• Problem
Leaving out every picture, output the records below exactly as they are.

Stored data
=-=-=-=-=

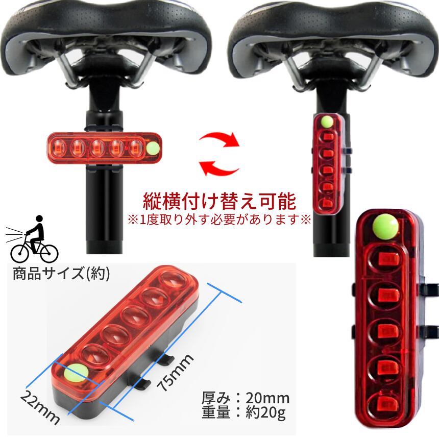 自転車 LED バック ライト USB 充電 点灯 点滅 工具 不要 サドルライト バックライト テールライト 警告灯 後続 後続車 歩行者 簡単 取り付け 操作SINJITERA
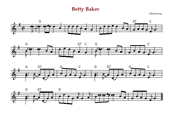 "Betty Baker" is an American reel in cut time and G Major. It is played in GDad fiddle tuning.
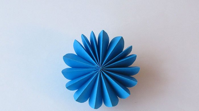 Краешки сложенного круга фигурно обрезать (можно по аналогии с вырезанием фигурных краешков для бумажных снежинок). Разложить заготовку и хорошо прогладить полученные ребра гармошки для формирования красивого объемного круга.
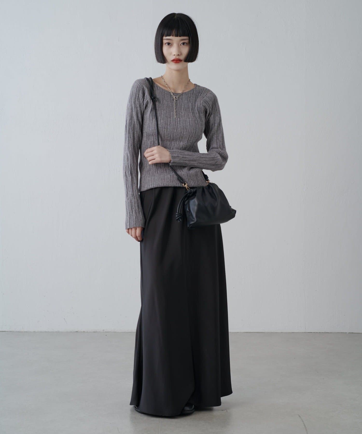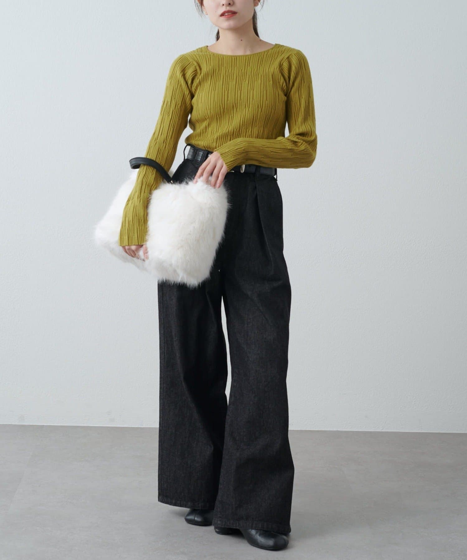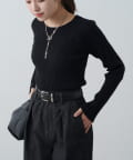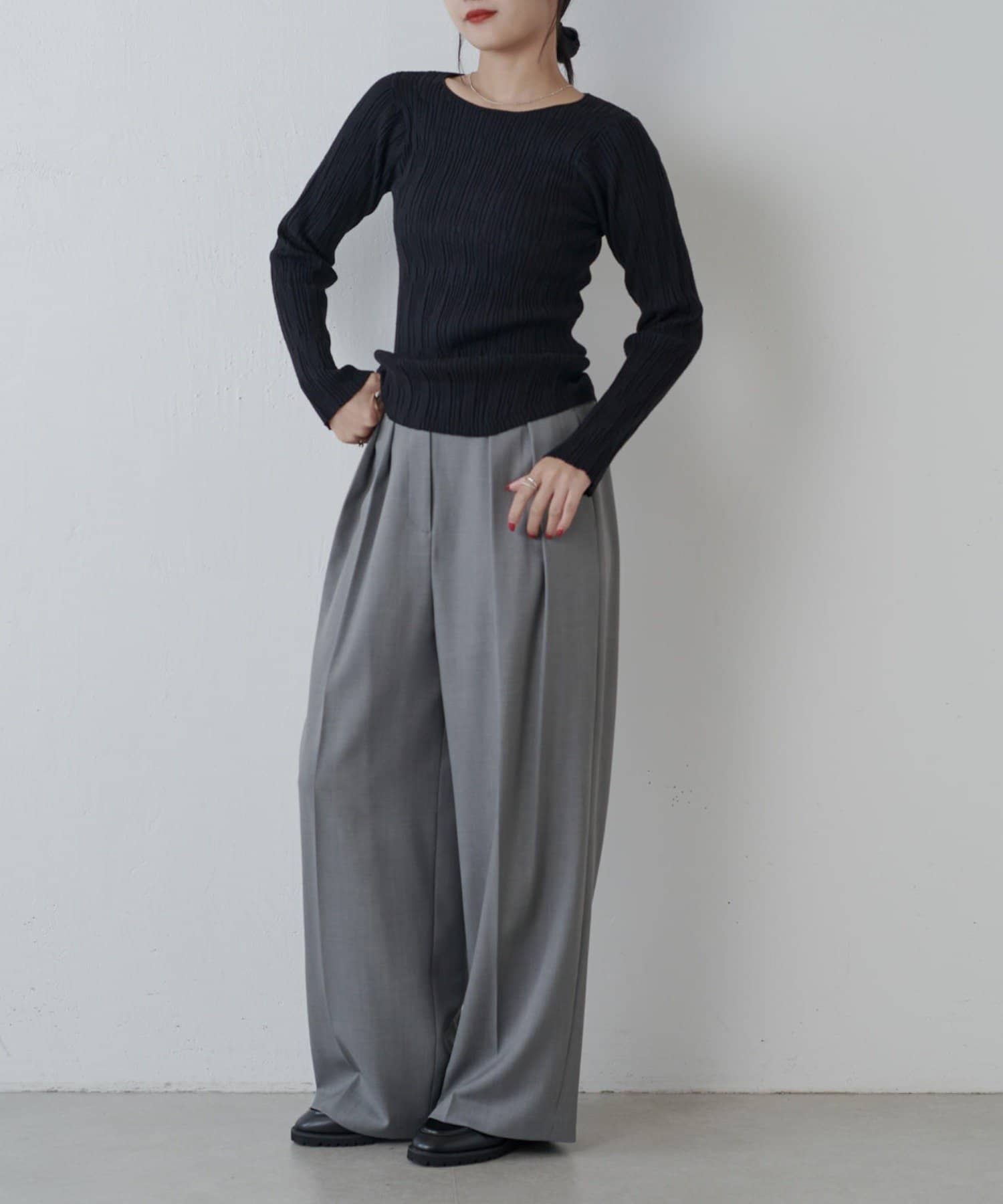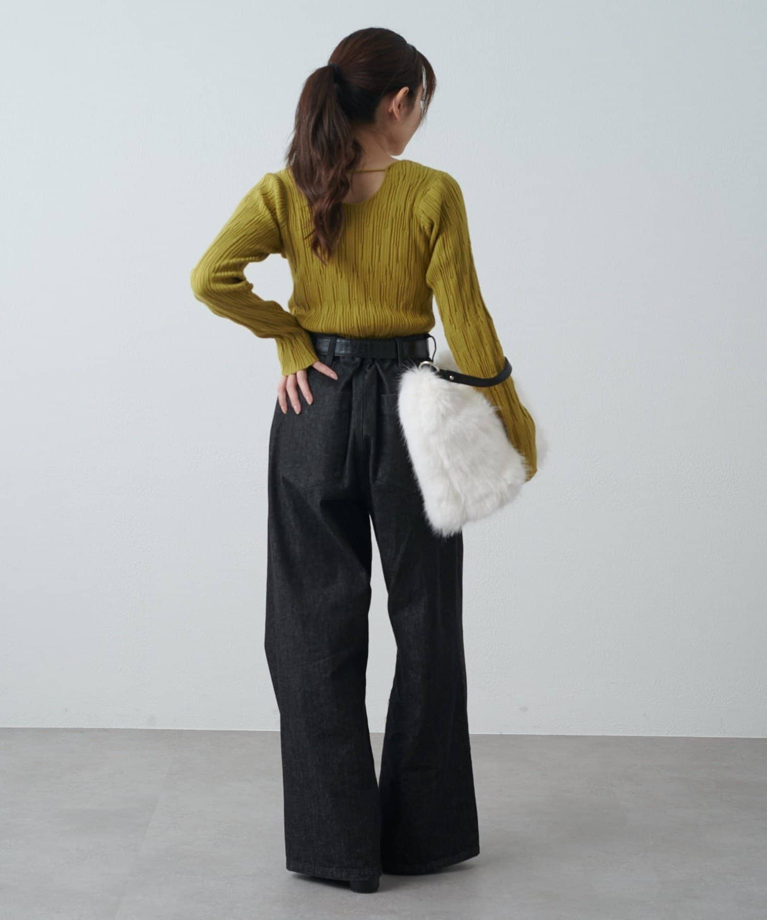 トレンド感のある首元のデザインですが、シンプルなトップスなのでどんなボトムとも相性抜群◎
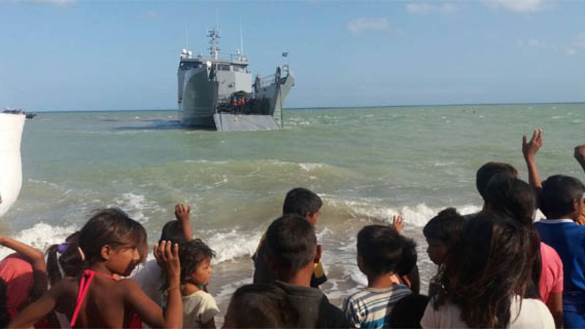 Comunidad wayuu de Manaure fue testigo del arribo a la playa Piedras Blancas de la enorme embarcación. Allí, cientos de niños gritaron la arenga ¡agua, agua, agua! para recibir el navío que hará en carrotanques la entrega del recurso a la comunidad indígena Ishashimana.

=-=-=-=-=

• Written solution
 自転車 LED バック ライト USB 充電 点灯 点滅 工具 不要 サドルライト バックライト テールライト 警告灯 後続 後続車 歩行者 簡単 取り付け 操作SINJITERA
 "Betty Baker" is an American reel in cut time and G Major. It is played in GDad fiddle tuning.
 Краешки сложенного круга фигурно обрезать (можно по аналогии с вырезанием фигурных краешков для бумажных снежинок). Разложить заготовку и хорошо прогладить полученные ребра гармошки для формирования красивого объемного круга.
 トレンド感のある首元のデザインですが、シンプルなトップスなのでどんなボトムとも相性抜群◎
 Comunidad wayuu de Manaure fue testigo del arribo a la playa Piedras Blancas de la enorme embarcación. Allí, cientos de niños gritaron la arenga ¡agua, agua, agua! para recibir el navío que hará en carrotanques la entrega del recurso a la comunidad indígena Ishashimana.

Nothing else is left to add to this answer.